Каждая из перечисленных моделей в какие-то моменты выходит на первый план в реальной практике PR — конкретной фирмы, конкретного рынка, отрасли, региона, страны в целом, а то и в глобальном масштабе. Поэтому их связь с периодизацией развития PR очевидна. Рассмотренные модели (понимания, толкования, образы) и соответствующие им подходы к PR напоминают четыре возраста человека, характеризующие его отношения с другими людьми. Первый возраст — «Я хочу!», что чревато ответом-репликой: «Хотеть не вредно». Второй возраст — «Ты со мной играешь или ты со мной не играешь?». Ему на смену приходит третий возраст — «Ты меня понимаешь или ты меня не понимаешь?». Рано или поздно ему на смену приходит четвертый возраст — «Ты меня уважаешь или ты меня не уважаешь?». Как и во взаимоуважении, в зрелой PR-деятельности сохраняются элементы других подходов: манипулятивного (формирование общественного мнения) и в духе взаимопонимания (разъяснение и информация). Однако они интегрируются в более сложный комплекс целей и мотиваций. Поэтому полностью развести понятия «PR» и «реклама», «PR» и «пропаганда» трудно, практически невозможно, да, наверное, и не нужно, в этом просто нет необходимости. Универсально чистой модели PR нет. Существуют модели PR, вызревающие в конкретном обществе со свойственной данному обществу культурой, конкретной политико-экономиической ситуацией.
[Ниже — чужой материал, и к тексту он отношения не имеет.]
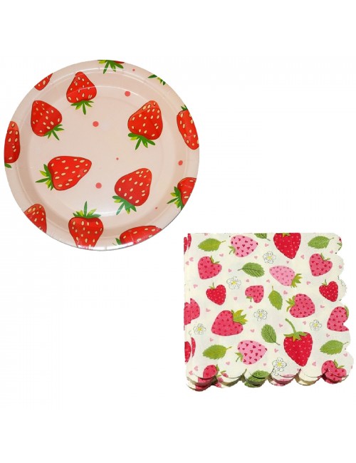 Set 6 farfurii si 10 servetele Capsune, de unica folosinta, din carton/ hartie:
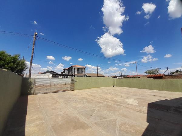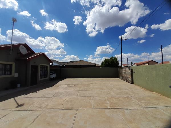 The expansive 338 sqm erf is convenient for future extension or to build rooms for extra income, predominantly paved, ensuring minimal upkeep and maximum utility for outdoor living. It features a double carport area, as depicted in the images,. Security is well-addressed with security bars on windows, a secure access gate, and robust perimeter walls. The property is fibre-ready, ensuring high-speed internet connectivity, and includes a satellite dish for entertainment.Prepaid electrcity and water and walking distance to Basa school and close to Protea Glen Mall
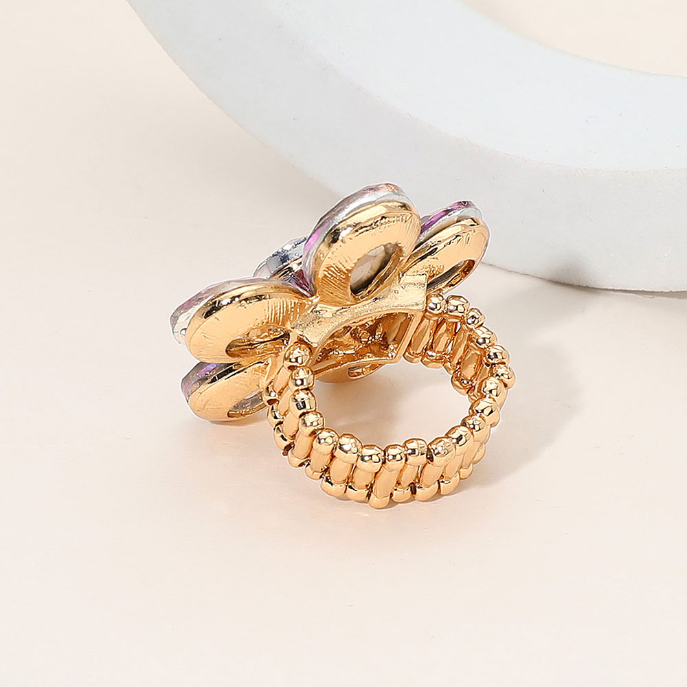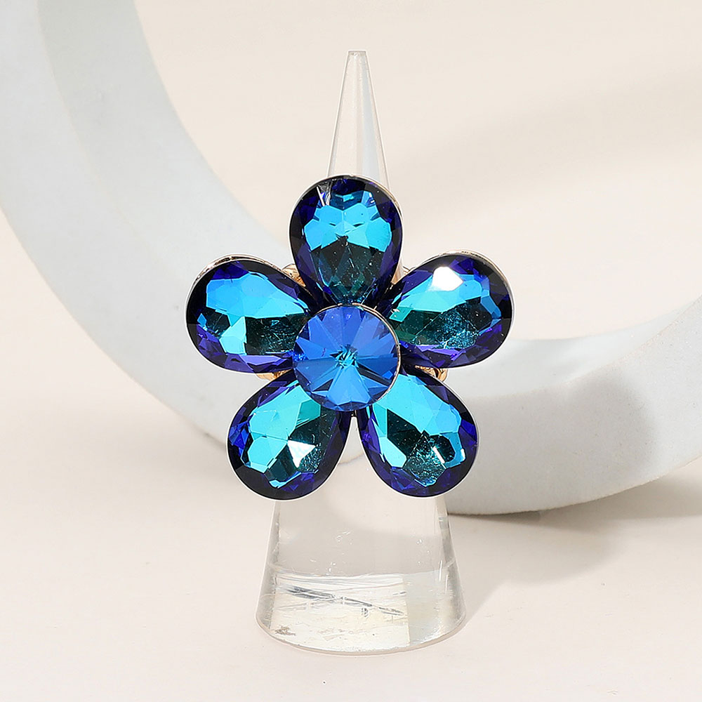 Details • Size : 1.5" H • Stretchable • Elegant flower-shaped statement ring featuring a dazzling faceted petal design that catches the light beautifully. Perfect for adding a bold, eye-catching accent to any outfit, this gem-inspired accessory enhances your style with its unique shape and sparkling radiance. • Lead and Nickel Compliant

В этой связи чрезвычайно показательна нынешняя российская ситуация и характерный для нее феномен «черного (грязного) пиара» — деятельности, направленной на разрушение позитивного имиджа других фирм или лиц. Используемые при этом методы находятся на грани, а то и за гранью норм права и морали. Можно ли рассматривать «черный пиар» в качестве PR?
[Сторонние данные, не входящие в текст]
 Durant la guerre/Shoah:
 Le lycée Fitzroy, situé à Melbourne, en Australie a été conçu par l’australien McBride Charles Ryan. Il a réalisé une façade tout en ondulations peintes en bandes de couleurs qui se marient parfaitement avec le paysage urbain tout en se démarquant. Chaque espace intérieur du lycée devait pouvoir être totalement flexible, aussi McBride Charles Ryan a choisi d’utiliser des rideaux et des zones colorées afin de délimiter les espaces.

Не является ли это словосочетание — «черный пиар» — вообще нонсенсом вроде «круглый квадрат» или «железная деревяшка»? Или «черный пиар» — пример разнузданной пропаганды? Или это PR, осуществляемый на «черный нал», т. е. на деньги сомнительного происхождения? Или это и то, и другое, и третье? Или это и есть собственно PR?
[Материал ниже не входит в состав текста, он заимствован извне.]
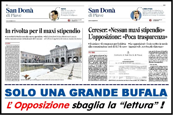 Certo che ha dell’incredibile quanto è successo a San Donà di Piave, un festival, anzi no, una sagra di superficialità e incompetenza sfoggiata come niente fosse, e a mio avviso senza rispetto verso il cittadino, utente finale di notizie che sono non-notizie, anzi, vere BUFALE, inaccettabili se a diramarle sono dei Consiglieri comunali che per ruolo istituzionale pubblico dovrebbero prima bene informarsi e comprendere, per poi correttamente divulgare…
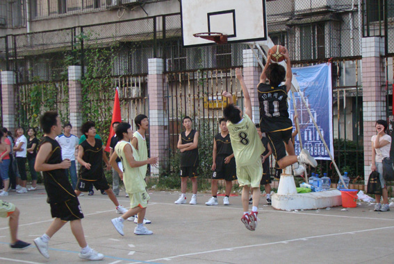 6:53第二节比赛开始。比赛开始4分钟,广告班1号李成一个完美的侧身反手上篮,进了一个二分球,这是广告班自比赛来进的第一个球,广告班的啦啦队尽情呐喊,队员们也信心大增。但新闻班来势迅猛,7:01,新闻11号赵心宇表现突出,反攻,抢篮板,又连进两个三分球! 7:05,第二节比赛结束,新闻班以27:8的比分持续领先。
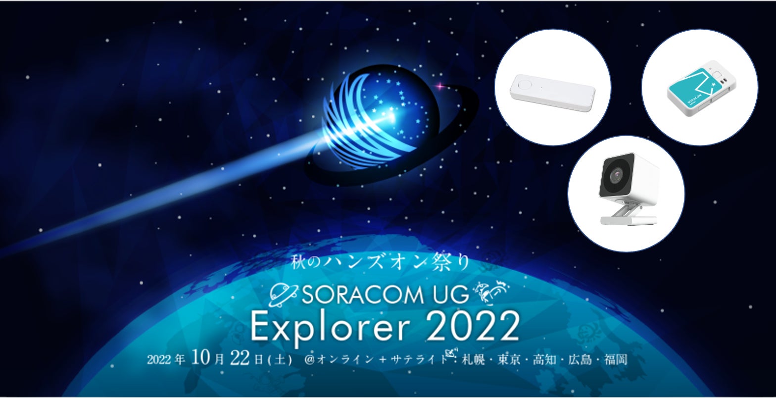 株式会社ソラコムは、IoTプラットフォームSORACOMのユーザーが集うSORACOMユーザーグループが2022年10月22日(土)に開催する「SORACOM UG Explorer 2022 秋のハンズオン祭り!」を後援します。本イベントは、札幌・東京・広島・高知・福島、全国5カ所とオンラインでご参加いただけます。
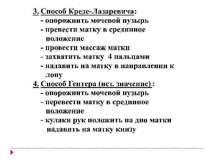 Роговина – тело матки двумя ладонными поверхностями отводится кверху, после чего правой рукой производят выжимание последа путем сжимания матки в переднезаднем направлении и одновременным надавливанием на ее дно по направлению вниз и вперед вдоль оси таза.
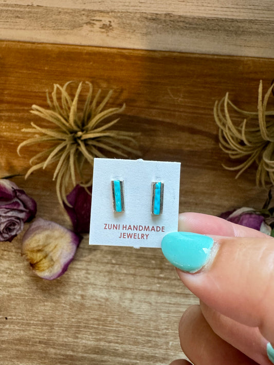 Mini Rectangle Stud Earrings – Kingman Turquoise – Sterling Silver – Zuni Made
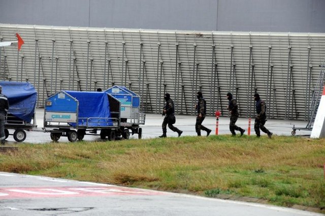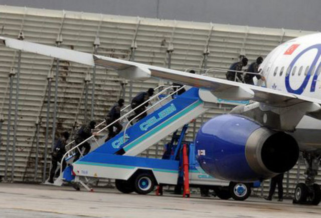 Özel harekat polisleri ve bomba uzmanları aramalarını sürdürürken, uçağın etrafı emniyet şeridiyle kapatıldı. Uçaktaki bagajların aranması için de uçağa X-ray cihazları getirildi.
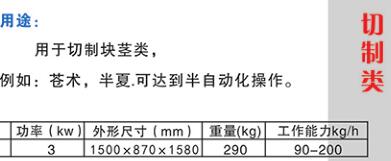 本機器型號一種厚度可調的息半夏切片機,包括支撐座,支撐座的上表面開設有第一凹槽和第二凹槽,第一凹槽與第二凹槽之間設有切片臺,第一凹槽和第二凹槽內均設置有夾緊裝置,切片臺的一側設有調節刀架,調節刀架包括固定柱,手柄和刀板,固定柱的一側開設有限位槽,手柄的一端滑動于限位槽內,手柄的另一端固定于刀板的側壁上,刀板上均勻設有多個刀片固定槽,每個刀片固定槽內均設置有切片刀,通過夾緊裝置可對要切片的息半夏顆粒進行夾緊,方便操作人員進行切片動作,操作人員通過調節刀架可以根據實際需要間隔取出相應的切片刀來調整切片刀的數量,從而控制相鄰兩個切片刀之間的刀距,達到控制切片厚度的目的,結構簡單,操作方便.
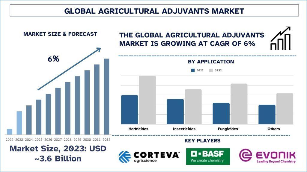 The Agricultural Adjuvants Market was valued at approximately USD 3.6 Billion in 2023 and is expected to grow at a substantial CAGR of around 6% during the forecast period (2024-2032)
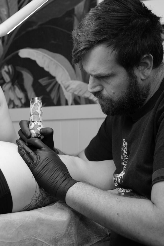 With a keen eye for detail and a steady hand, Jeff creates stunning designs that are both intricate and precise. His dot work tattoos feature intricate designs shaded with the popular pointilist style, while his fine line and etch work tattoos showcase his mastery of creating delicate, precise lines that perfectly capture the essence of the design. Jeff works closely with clients to understand their vision and create a custom design that perfectly fits their style.
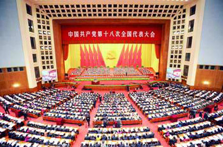 胡锦涛在报告中说,中国共产党第十八次全国代表大会,是在我国进入全面建成小康社会决定性阶段召开的一次十分重要的大会。大会的主题是:高举中国特色社会主义伟大旗帜,以邓小平理论、“三个代表”重要思想、科学发展观为指导,解放思想,改革开放,凝聚力量,攻坚克难,坚定不移沿着中国特色社会主义道路前进,为全面建成小康社会而奋斗。

Именно последняя точка зрения доминирует в сознании российского обывателя. Серия избирательных кампаний, проведенная в крайне развязной (или, как сейчас говорят, отвязной) манере, очевидная агрессивная и нескрываемая продажность некоторых СМИ и журналистов привели к закреплению в массовом сознании стереотипа: если пиар, то обязательно черный.
В принципе PR плохо укладывается в особенности российского духовного опыта. Не православное это дело — работать над репутацией, имиджем. Получается, то ли свое «истинное» лицо скрыть человек хочет, то ли личину какую-то надеть. То ли лицемерие, то ли самозванство получается. А ведь о душе думать надо. И, как говорил классик русской литературы, «полюбите нас серенькими, чистенькими-то нас каждый полюбит».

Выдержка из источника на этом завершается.